I'm a newbie here and hope someone can help. I've been all over the internet and found nothing about this problem.

My son gave me a Weedeater leaf blower (FL1500) that would not start. 

Thinking I could maybe salvage it before he tossed it in the trash I removed the carb and tank. Blew out the lines and cleaned the gas tank filter.

I've rebuilt a number of old Brit car engines but not being familiar with 2 stroke engines I thought I'd like a look inside so I took off the 'top' of the blower. (This part is plastic and forms one side of the crank case.) I also removed and replaced the muffler. (My first encounter with springs to hold one on.)

Nothing looked unusual inside the crank case and I closed it back up and replaced the carb and spark plug.

Then when I tried to give the starting rope a pull there was a tremendous amount of resistance. Like compression with valves closed. Nothing like the 'soft' feel it had before I opened it up for that look.

For the life of me I can't imagine what I've done that would cause this. 
Any ideas or help would be GREATLY appreciated!

Thanks , Bill


----------



## 30yearTech (Sep 14, 2006)

*Just a thought*

Did you get the gasket on the crankcase cover back on? If not then the cover may be in contact with the crankshaft causing the binding.


----------



## bdavis (Jul 10, 2007)

Thanks 30yearTech...
The 'gasket' is something like a rubber O ring and was never removed from the cover. All went together gently. Nothing binding there.

In fact while the crank case was open I could put the spark plug back in it's hole (or cover it with my finger) and still have so much compression that just pulling it through a cycle was difficult. 
Or, conversly, without anything in or covering the spark plug hole I can pull the starter rope easily.


----------



## 30yearTech (Sep 14, 2006)

If you have gotten any fluid in the cylinder especially oil that will make the compression very high and the rope will be hard to pull.


----------



## bdavis (Jul 10, 2007)

No oil was put into the cylinder. I did put a small syringe of straight gasoline into it once or twice but I would think that (along with compressed air) should have washed out much of the oil in there.

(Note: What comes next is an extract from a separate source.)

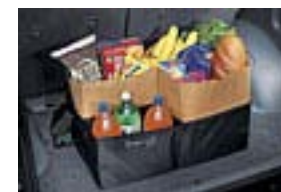
Cargo Tote $40.00 Installed MSRP*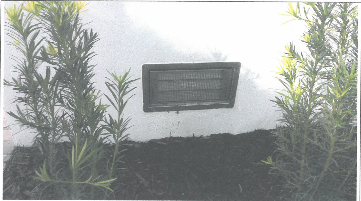
Typical Flood Opening (1/23/2015)

If using the Elevation Certificate to obtain NFIP flood insurance, affix at least 2 building photographs below according to the instructions for Item A6. Identify all photographs with date taken; "Front View" and "Rear View"; and, if required, "Right Side View" and "Left Side View." When applicable, photographs must show the foundation with representative examples of the flood openings or vents, as indicated in Section A8. If submitting more photographs than will fit on this page, use the Continuation Page.

Do these engines 'fire' as the two magnets in the fly pass the coil? I notice that the piston is near BDC when the magnets in the flywheel are near the coil.

Thanks again 30yearTech. Still bumfuzzled! Bill


----------



## hankster (Jan 1, 1998)

Sounds like that is the problem... sheared flywheel key. Pull the flywheel and see.


----------



## bdavis (Jul 10, 2007)

Thanks Hankster... It will be a couple of days before I can get back to it but I'll try your suggestion.

So am I correct in assuming that the piston should be at TDC (or there abouts) when the two magnets in the flywheel pass the coil??

Bill


----------



## bdavis (Jul 10, 2007)

You hit the nail on the head, Hankster. 
I pulled the flywheel and... no key! Well, there had been something of the sort but it had sheered and the metal was missing. The "key" on these things is apparently cast into the aluminum flywheel and slips into the slot in the crank. 

My solution was to cut a slot into the flywheel exactly where the key had 'stood'. And using a thick piece of copper wire I hammered it into a taper and filed it down to fit snugly into both crank and flywheel. 

A down and dirty test using a squirt of straight gasoline into the cylinder (even without the carb bolted on) and a sharp tug on the rope proved... It's ALIVE! - It's ALIVE!

I'm sure some would find fault that I didn't use something softer to make a key from. Something that would sheer more easily in the future should it need to... but I didn't. At least it was saved from the land fill this time.

Thanks, fellows, for your help!

What did we ever do without the internet?
Kind regards, Bill


----------



## hankster (Jan 1, 1998)

Good you found the problem. The cast in keys do no more then position the flywheel during assembly.... they do nothing to hold it in place once assembled. You could have just "eye balled" the flywheel in position and then tightened it down. A "hard" key is actually worse as if it Spins again the hard key can tear up the crank causing much more damage then just a flywheel.


----------